▸ **Directions for this task**
Retype the following data exactly, but leave its pictures out.

▸ **Supplied material**

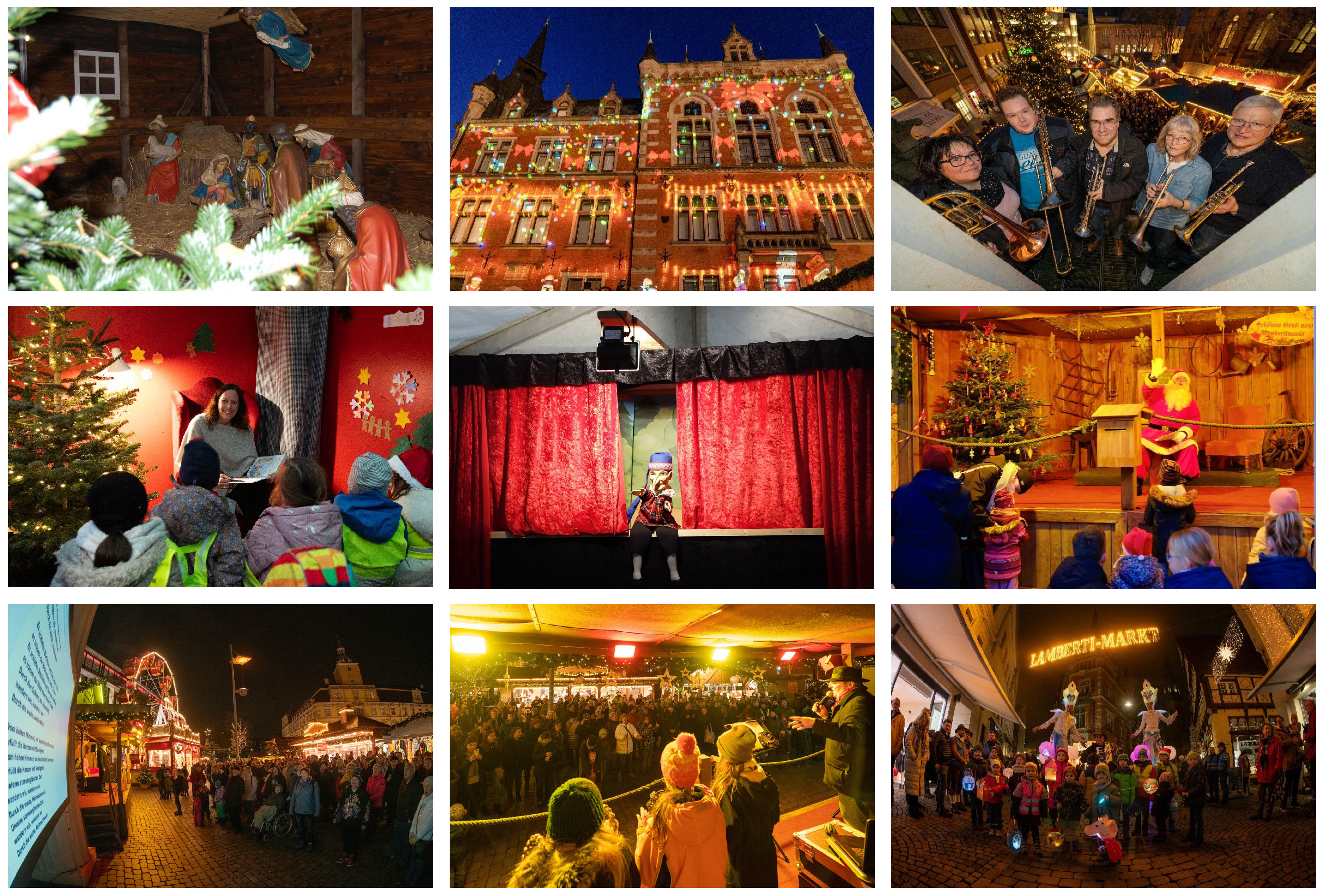 Rund 110 liebevoll geschmückte Hütten, viel Tannengrün und Lichterglanz verzaubern die Plätze zwischen dem Alten Rathaus, der backsteinernen St. Lamberti-Kirche und dem historischen Schloss durch eine festliche Atmosphäre und laden bis zum 22. Dezember die Besucherinnen und Besucher zum Verweilen ein.
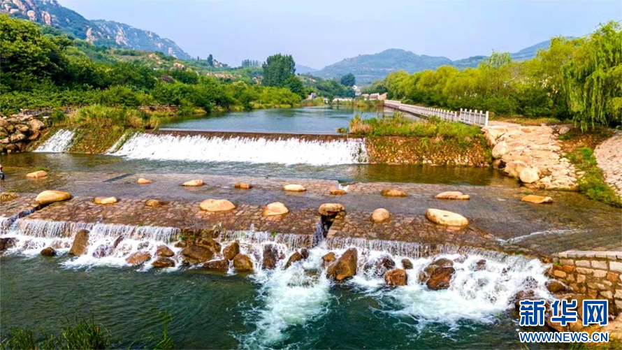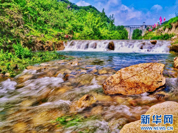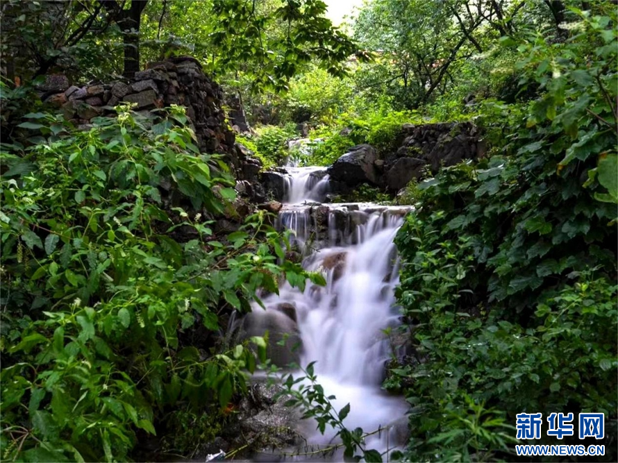 黄崖川村远山叠翠,涌动的河水带来阵阵清凉。新华网发(武爱民 摄)
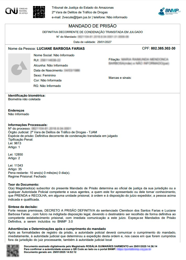 MANAUS (AM) – O Tribunal de Justiça do Amazonas (TJAM), ordenou a prisão definitiva de Luciane Barbosa Farias, que ficou conhecida nacionalmente após ser recebida pelos secretários do Ministério da Justiça e Segurança Pública (MJSP), em 2023. Ela é esposa de Clemilson dos Santos Farias, apontado pelo Ministério Público do Amazonas (MP-AM), como integrante de uma organização criminosa no Estado.

▸ **Solution to this exercise**
 Rund 110 liebevoll geschmückte Hütten, viel Tannengrün und Lichterglanz verzaubern die Plätze zwischen dem Alten Rathaus, der backsteinernen St. Lamberti-Kirche und dem historischen Schloss durch eine festliche Atmosphäre und laden bis zum 22. Dezember die Besucherinnen und Besucher zum Verweilen ein.
 黄崖川村远山叠翠,涌动的河水带来阵阵清凉。新华网发(武爱民 摄)
 MANAUS (AM) – O Tribunal de Justiça do Amazonas (TJAM), ordenou a prisão definitiva de Luciane Barbosa Farias, que ficou conhecida nacionalmente após ser recebida pelos secretários do Ministério da Justiça e Segurança Pública (MJSP), em 2023. Ela é esposa de Clemilson dos Santos Farias, apontado pelo Ministério Público do Amazonas (MP-AM), como integrante de uma organização criminosa no Estado.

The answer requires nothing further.